Personal information
- Full name: Arnau Rafús Aulet
- Date of birth: 27 April 2003 (age 23)
- Place of birth: Vic, Spain
- Height: 1.90 m (6 ft 3 in)
- Position: Goalkeeper

Youth career
- Vic Riuprimer
- 2016–2023: Barcelona

Senior career*
- Years: Team / Apps / (Gls)
- 2023: Barcelona B / 3 / (0)
- 2023–2025: Valladolid B / 28 / (0)
- 2025: Valladolid / 1 / (0)
- 2025–2026: Cultural Leonesa / 0 / (0)

= Arnau Rafús =

Spanish footballer (born 2003)

Arnau Rafús Aulet (born 27 April 2003) is a Spanish professional footballer who plays as a goalkeeper.

==Career==
===Barcelona===
Born in Vic, Barcelona, Catalonia, Rafús joined FC Barcelona's La Masia in 2016, from Vic Riuprimer REFO FC. In January 2023, after recovering from a knee injury and the promotion of Iñaki Peña to the first team, he was registered in the reserves with the number 24 jersey.

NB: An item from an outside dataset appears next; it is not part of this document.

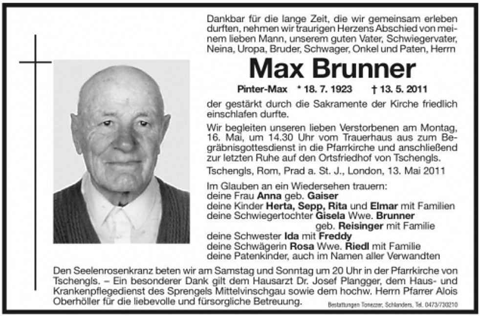 Ein besonderer Dank gilt dem Hausarzt Dr. Josef Plangger, dem Haus- und Krankenpflegedienst des Sprengels Mittelvinschgau sowie dem Hochw. Herrn Pfarrer Alois Oberhöller für die liebevolle und fürsorgliche Betreuung.

Rafús made his senior debut with Barça Atlètic on 15 January 2023, starting in a 2–1 Primera Federación home win over CF La Nucía. He featured in two further matches for the side before suffering an adductor injury in March.

===Valladolid===
On 21 July 2023, Rafús signed a two-year deal with Real Valladolid, being initially assigned to the B-team in Segunda Federación. After becoming a regular starter with the B's in the 2023–24 campaign, he made his first team – and La Liga – debut on 29 March 2025, starting in a 2–1 away loss to Real Sociedad as starter Karl Hein was out injured.

===Cultural Leonesa===
On 7 July 2025, Segunda División side Cultural y Deportiva Leonesa announced the signing of Rafús on a one-year deal.